== Exercise instructions ==
Repeat the data below exactly, dropping any pictures it holds.

--- Given data ---

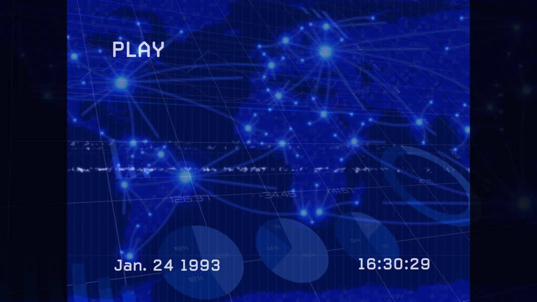 Design features an overlay of data processing visualizations on a world map with a digital aesthetic. This video is useful for tech presentations, global network concept illustrations, and advertising for data analysis software.
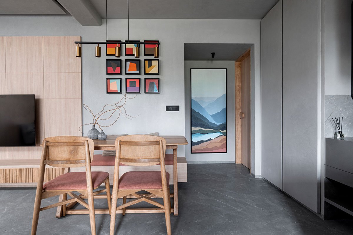 The advocated minimalism is profoundly executed, where the delicate selection of laminates, tiles and shades plays a pivotal role in fostering a homogenous zen atmosphere. The organic continuation of the mood board, bids to keep the interiors light and voluminous, subtly interspersed with hints of vivid colours through wall art, elegantly mirrors the client’s ethos for a simplistic yet harmonic design approach.
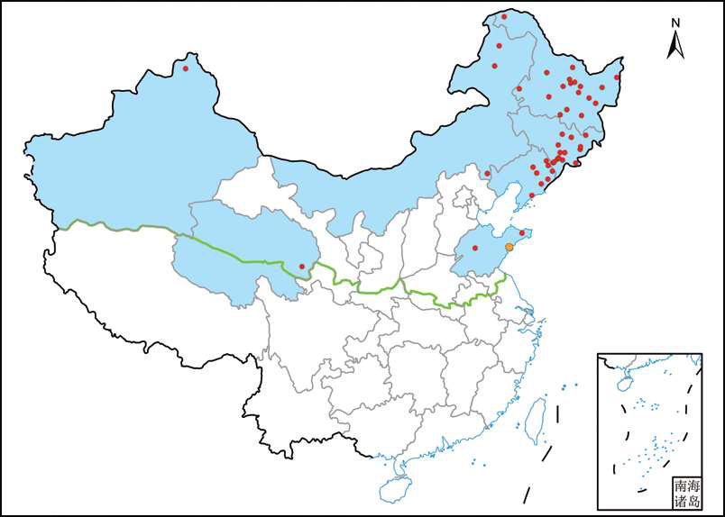 地理分布 黑龙江 大兴安岭(漠河)、哈尔滨(依兰、尚志、五常)、黑河(北安、五大连池)、鸡西(鸡东)、佳木斯(汤原)、牡丹江(海林、东宁)、齐齐哈尔(龙江)、七台河(勃利)、双鸭山(宝清、饶河)、伊春(大箐山、丰林、汤旺、铁力); 吉林 白山(长白、抚松、浑江、江源、靖宇、临江)、吉林(桦甸、蛟河)、通化(东昌、二道江)、延边(安图、敦化、和龙、汪清); 辽宁 本溪(本溪、桓仁)、大连(庄河)、丹东(凤城、宽甸)、抚顺(清原、新宾)、沈阳(浑南); 内蒙古 赤峰(宁城)、呼伦贝尔(根河、牙克石); 山东 青岛、泰安(泰山)、烟台(牟平); 青海 黄南(泽库); 新疆 阿勒泰(布尔津)(张文仲 等,1981;李晓晶 等,2001;徐化成,2001;王月婷 等,2014;崔先江,2015;司洪生,2015;曲红,2018;王鑫,2022;白晓航 等,2023;高宇,2023;金桂香 等,2023;刘洋,2023;马颢铜 等,2023;张扬,2023)。

---

== Answer to this problem ==
 Design features an overlay of data processing visualizations on a world map with a digital aesthetic. This video is useful for tech presentations, global network concept illustrations, and advertising for data analysis software.
 The advocated minimalism is profoundly executed, where the delicate selection of laminates, tiles and shades plays a pivotal role in fostering a homogenous zen atmosphere. The organic continuation of the mood board, bids to keep the interiors light and voluminous, subtly interspersed with hints of vivid colours through wall art, elegantly mirrors the client’s ethos for a simplistic yet harmonic design approach.
 地理分布 黑龙江 大兴安岭(漠河)、哈尔滨(依兰、尚志、五常)、黑河(北安、五大连池)、鸡西(鸡东)、佳木斯(汤原)、牡丹江(海林、东宁)、齐齐哈尔(龙江)、七台河(勃利)、双鸭山(宝清、饶河)、伊春(大箐山、丰林、汤旺、铁力); 吉林 白山(长白、抚松、浑江、江源、靖宇、临江)、吉林(桦甸、蛟河)、通化(东昌、二道江)、延边(安图、敦化、和龙、汪清); 辽宁 本溪(本溪、桓仁)、大连(庄河)、丹东(凤城、宽甸)、抚顺(清原、新宾)、沈阳(浑南); 内蒙古 赤峰(宁城)、呼伦贝尔(根河、牙克石); 山东 青岛、泰安(泰山)、烟台(牟平); 青海 黄南(泽库); 新疆 阿勒泰(布尔津)(张文仲 等,1981;李晓晶 等,2001;徐化成,2001;王月婷 等,2014;崔先江,2015;司洪生,2015;曲红,2018;王鑫,2022;白晓航 等,2023;高宇,2023;金桂香 等,2023;刘洋,2023;马颢铜 等,2023;张扬,2023)。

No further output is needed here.